Das hat die Kampagne in 100 Tagen öffentlich gemacht
So schreibt ein Betroffener unter dem Nickname „mika“: „Ein Kunde schlug mir einen ganzen Stapel meiner Akten gegen den Kopf, weil ich seine Leistungen nach dem SGB II nicht auszahlen durfte. Anschließend schlug er mit der Faust nach mir – ich lag bereits am Boden. Ich musste leider privatrechtlich gegen den Kunden vorgehen. Es gab eine Verhandlung, doch die Sache wurde eingestellt. Einige Jahre später erkrankte ich vermutlich aufgrund des Vorfalles erneut und bin knapp ein Jahr ausgefallen. Hilfe? Fehlanzeige!“
100 Tage nach dem Start der Kampagne „Gefahrenzone Öffentlichen Dienst“ ist vieles passiert. Über einen eigenen Twitter-Account wird jeder neue Übergriff aus der Zeitleiste öffentlich gemacht und weitere aktuelle Infos zum Thema verbreitet. Zwei Umfragen, an denen sich insgesamt beinahe 1.000 Beschäftigte aus dem Öffentlichen Dienst im gesamten Bundesgebiet beteiligt haben, zeigt den Ernst der Lage. „Beinahe die Hälfte der Beschäftigten hat bereits selbst Übergriffe erlebt. Und in der zweiten Umfrage berichtet die Hälfte der Teilnehmer darüber, dass sich in Notsituationen zwar die Kollegen untereinander helfen, es aber keine festen Notfallabläufe gibt“, fasst Jano Hillnhütter die Ergebnisse zusammen.
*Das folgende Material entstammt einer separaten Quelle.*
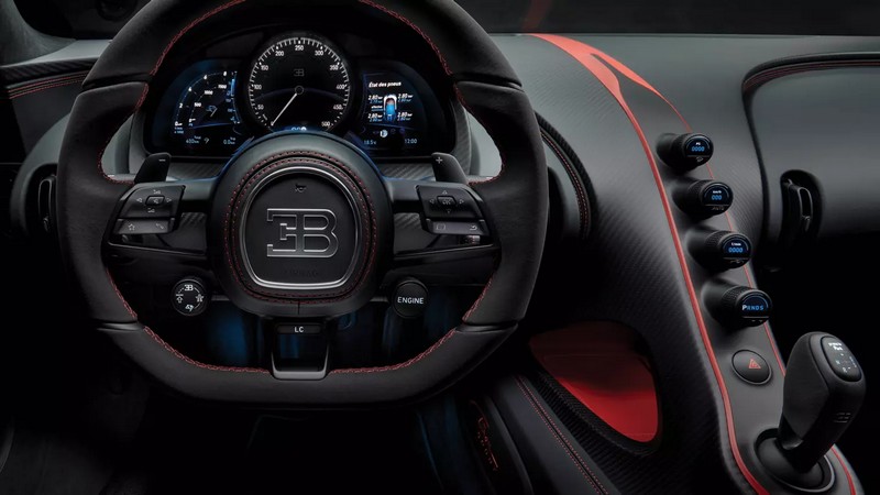 The Chiron Sport benefits from a new dynamic handling package. The Bugatti developers have defined a stiffer suspension. This includes a new control strategy for the shock absorbers, which react 10 percent more stiffly than on the Chiron on average. The steering has also been modified without sacrificing its outstanding direct feel and its calculable performance. These new settings only take effect in the Handling mode of the Chiron Sport, which is therefore distinguished from the EB mode more clearly for the driver.
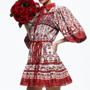 Alice + Olivia Tiffie Puff Sleeve Mini Paisley Floral Dress Size 12
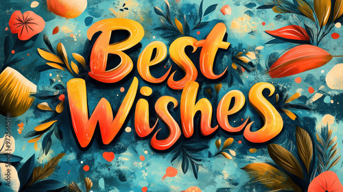 Bold, blocky lettering in vibrant colors spells out "Best Wishes" for a modern greeting card.
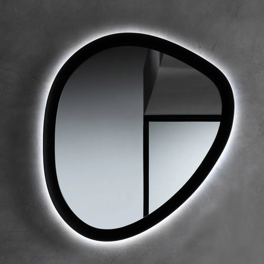 Tauchen Sie ein in den Charme dieses hinterleuchteten Spiegels , ein echtes Einrichtungselement, das jede Wand in eine moderne Kunstgalerie verwandelt. Mit seiner Form distanziert er sich von der Konvention und wird zu einem Blickfang, der die Aufmerksamkeit auf sich zieht und die Fantasie anregt.
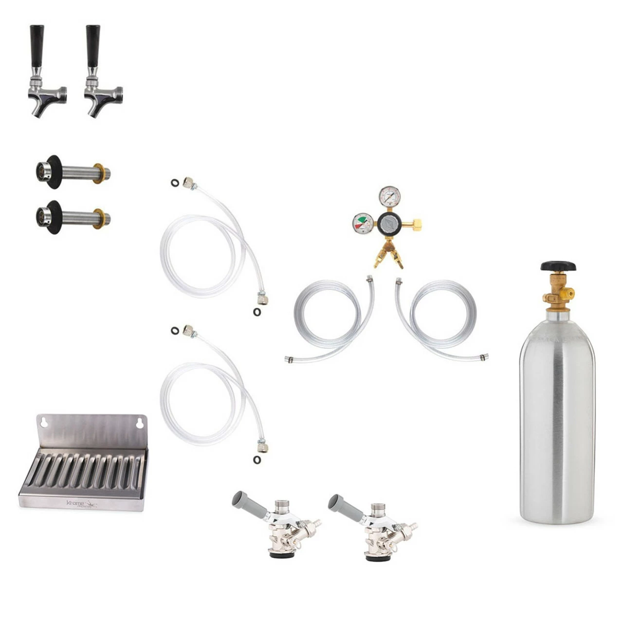With this item, you won’t have to worry about forgetting to order a piece of equipment or tiny accessory. The deluxe kit comes with everything you need to get started. That includes two faucets, two sets of air and beer lines, two 5-in. shanks, a stainless steel bar drip tray, and a dual-gauge CO2 regulator. It also includes a 5 lb. CO2 aluminum tank with enough capacity to serve 6 to 8 half kegs of beer.
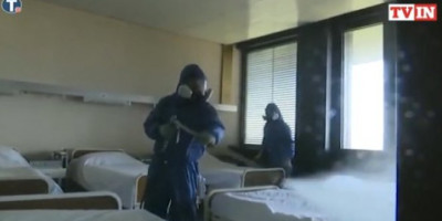 Na snimku se vidi kako u hodniku, pod punom zaštitnom opremom i prskaju sve što im se nađe na putu.
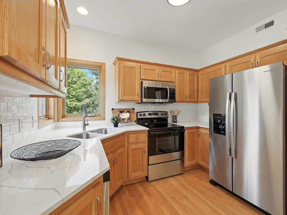 Bright and move-in ready, this updated home offers a functional layout and natural light throughout. The kitchen features stainless steel appliances, quartz-style counters, and a subway tile backsplash. Enjoy hardwood floors, a cozy gas fireplace, and a spacious deck overlooking a fenced yard. The finished lower level adds extra living space and a bathroom. Conveniently located near Deming Heights Park, bike trails, and just minutes to Northeast restaurants and shops. Easy to show, quick close possible.
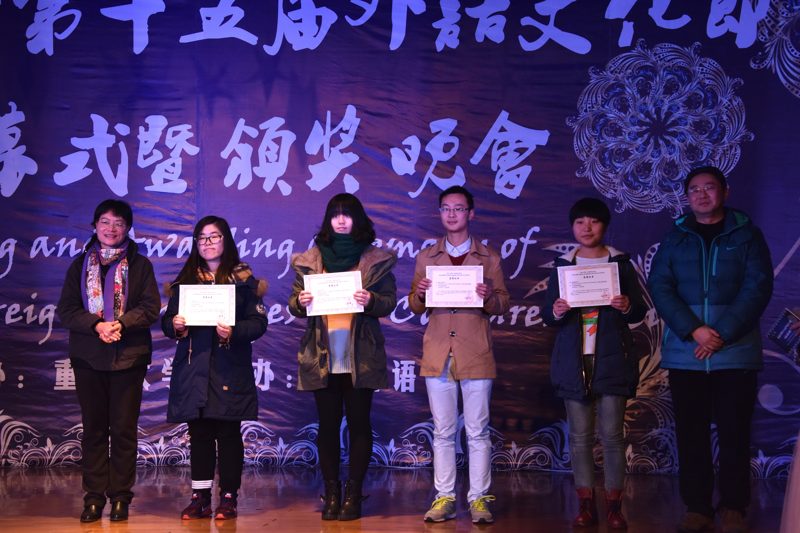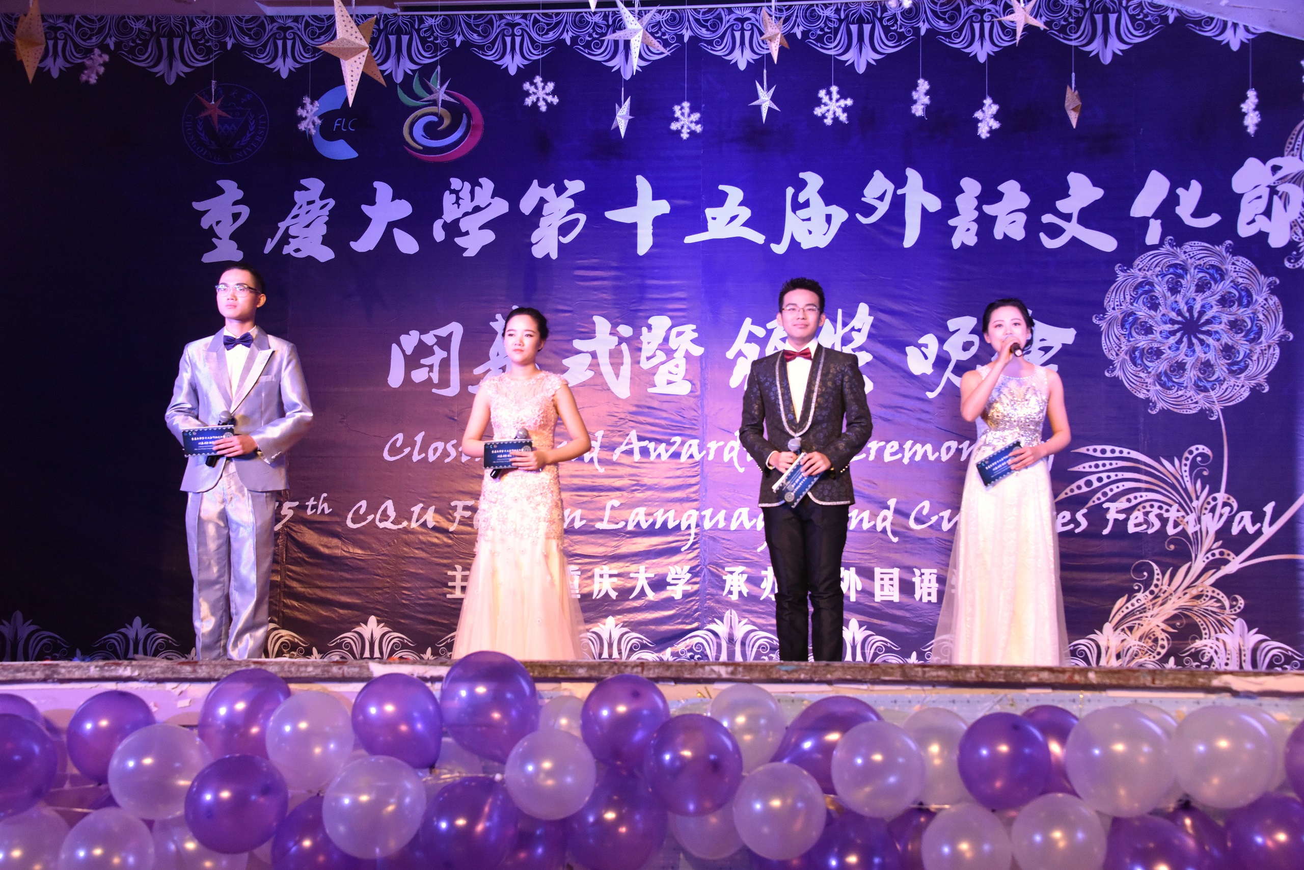 第十五届外语文化节闭幕式暨颁奖晚会在虎溪校区一食堂四楼多功能厅举行。98堂

„Es besteht also offenkundig dringender Handlungsbedarf“, so Hillnhütter weiter. In manchen Kommunen habe man zwar beispielsweise Grundsatzerklärungen gegen Gewalt verabschiedet und diese auch über die Medien bekannt gegeben. Doch die Mitarbeiter vor Ort wissen zu berichten, dass diese nur auf dem Papier existieren und keine Relevanz für die tägliche Arbeit hätten. Auch Selbstverteidigungstrainings für die Mitarbeiter brachten einer Kommune zwar einen guten Ruf ein, werden tatsächlich jedoch von den Beschäftigten selbst in Sportvereinen organisiert und angeboten.
Seelische Folgen und Morddrohungen
100 Tage nach dem Start der Kampagne steht auch aus solchen Gründen das Telefon bei der dbb jugend nrw nicht mehr still. Betroffene melden sich und erzählen von Angriffen auf sich selbst und auch von Kollegen, die nach schweren Angriffen körperlich verletzt wurden und in Folge dessen seelisch am Ende sind. Die Mitarbeiterin einer Uniklinik berichtet unter anderem von Morddrohungen, die sie erhalten hat. „Jemand wollte über einen Patienten auf der Intensivstation telefonisch Auskünfte haben. Als ich ihm mitteilte, dass ich ihm dazu telefonisch nichts sagen könne, drohte er mir: ‚Passen Sie nachts auf, wenn Sie nach Hause gehen. Ich weiß, wo Sie wohnen!‘“
„Da es bislang nur wenig konkrete Zahlen zu den Übergriffen im Öffentlichen Dienst gibt, versuchen wir unter anderem über die Kampagne Informationen und Fakten zusammenzutragen“, sagt Hillnhütter. In Kürze will die dbb jugend nrw diese bei einem persönlichen Treffen im Bundesinnenministerium gemeinsam mit der dbb jugend (Bund) vorstellen und diskutieren.